As cicatrizes só se encontram nos povos de cor, porque é o fundo escuro que lhes dá realce. Pela mesma razão, a tatuagem só é praticada pelos povos de pele clara. Se quisermos limitar nossas palavras aos povos mais primitivos, devemos dizer que apenas os bos-quimanos e os esquimós a empregam. A operação da tatuagem consiste na introdução subcutânea de uma cor — na maioria dos casos carvão pulverizado. Depois da cicatrização das feridas, o desenho transforma-se em azul-escuro indelével. A tatuagem permite muito maior variedade de desenhos que a escarificação, atingindo assim alto grau de perfeição nos diversos povos civilizados, como, por exemplo, entre os japoneses. Quanto aos caçadores primitivos, contentam-se com desenhos que não superam muito o valor estético das cicatrizes de que tratamos.

Os desenhos de tatuagem dos bosquimanos assemelham–se em tudo às cicatrizes dos mincópios. Os exemplos que Tarini observou consistiam em linhas curtas e retas nas faces, nos braços e nos ombros. Vir-chow encontrou os mesmos traços formando séries paralelas em alguns indivíduos que havia estudado em Berlim49. Até o momento, ignoramos completamente sua significação.

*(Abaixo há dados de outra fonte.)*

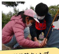
これぞ、定番！生き活き自然体験キャンプ
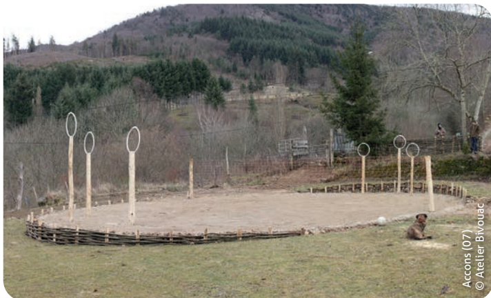
Accons (07)
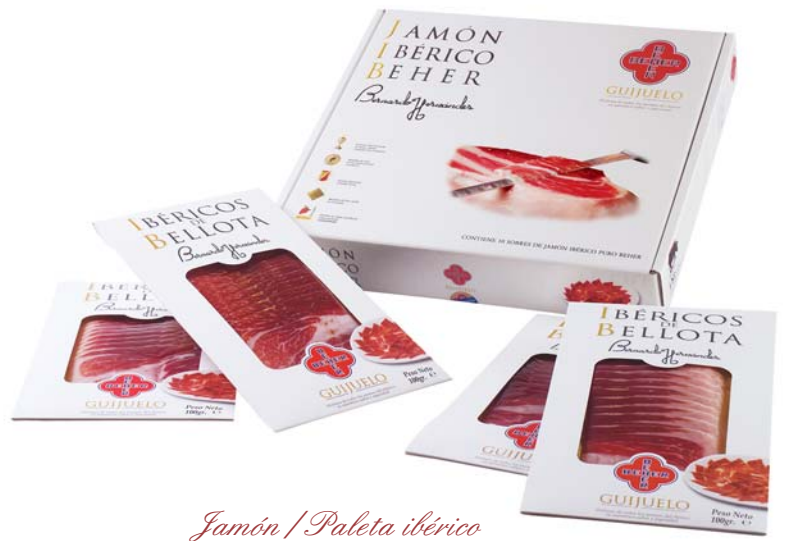
Jamón / Paleta ibérico Caja de 10 Estuches 1 Kg. neto
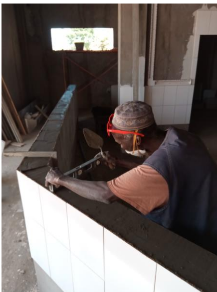
Waterpassen bovenkant borstwering
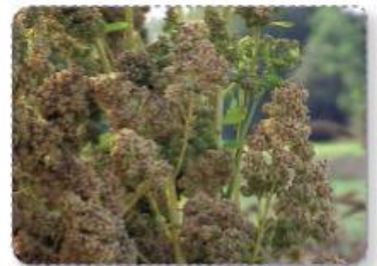
➤ Cultivo de quínoa
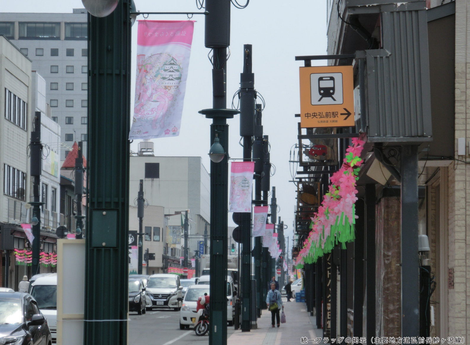
統一フラッグの掲示（主要地方道弘前岳野ヶ沢線）
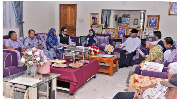
PROGRAM Sua Muka yang diadakan di beberapa buah kampung.
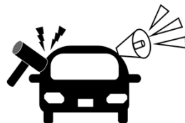
周囲に異常を 知らせる警報装置
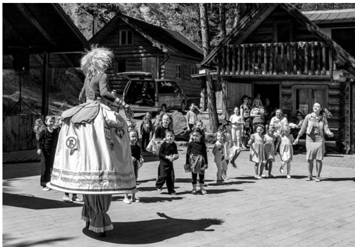
Vydarený Deň detí - viac na str. 7.

hľadnení občania mesta Svit zvýhodneným vstupným. Cena 3,50 eur je podľa neho pre návštevníkov z iných miest nízka, obzvlášť, ak konštatujeme finančnú stratu tohto zariadenia. Riaditeľka Bytového podniku Svit, s. r. o. odpovedala, že školy a niektoré organizácie zľavnené ceny majú a pri tvorbe cenníka vychádzali aj z prieskumu v porovnateľných mestách.
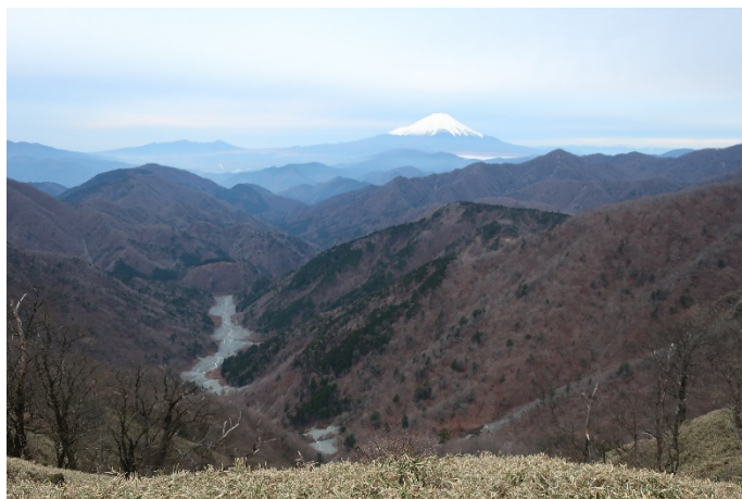
竜ヶ馬場から：ユースン溪谷が良く見えた
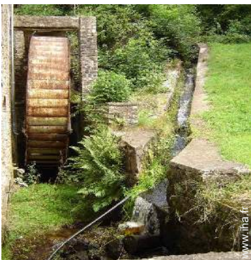
chemin de promenade

Nas mulheres dos esquimós, encontram-se desenhos um pouco mais artísticos. Dizemos nas mulheres, porque — fato estranho — sendo a tatuagem em regra geral um privilégio dos homens, é, entre os esquimós, um privilégio das mulheres. As meninas tatuam-se aos 8 anos. Faz-se a operação com um instrumento de ponta, como na Polinésia, ou com um fio que se passa através da pele. Emprega-se como tintura a fuligem ou a pólvora, sobretudo há algum, tempo. Geralmente tatuam-se a cara, os braços, as mãos, as ancas e os seios. Em sua obra, Boas reproduz alguns desenhos dessas tatuagens que são, na sua opinião, assaz uniformes em seus traços essenciais50. Na testa, duas linhas oblíquas imitam as sobrancelhas. Duas outras, partes das narinas, atravessando as faces e outras se traçam em baixo da boca, em forma de leque no queixo. O que dá a impressão de ter sido feito para imitar a barba dos homens. Nas mãos e nas pantorrilhas fazem-se linhas e séries de pontos paralelos, separados às vezes por uma linha em ziguezague ou por uma série de pequenos quadrados. Ignoramos a significação desses desenhos. A julgá-los pelo aspecto, poder–se-ia tê-los como imitação de um bordado51. Ao contrário, porém, sabemos com toda a certeza que a tatuagem, entre os esquimós, é ornamento. Cranz já mencionou em sua "Historie von Grönland" que as mães tatuam as filhas em boa hora, "com receio de que não encontrem marido". Não há qualquer contradição entre as palavras de Cranz e as de Arms-trong, que diz que "os desenhos de tatuagem servem também para distinguir as diversas tribos e castas". "Em algumas tribos, as mulheres das classes baixas (isto é, provavelmente das classes pobres), não podem enfeitar o queixo, senão com uma linha vertical no meio e duas laterais, ao passo que as mulheres das classes superiores traçam duas linhas a partir de cada canto da boca"52. Também na Europa certas jóias representavam outrora emblemas de classe, sem passar, contudo, de jóias. Em nenhuma parte encontramos um fato que nos permita atribuir uma significação religiosa às tatuagens dos esquimós, nem em seus numerosos mitos, nem na execução da própria operação que se faz sem a menor solenidade.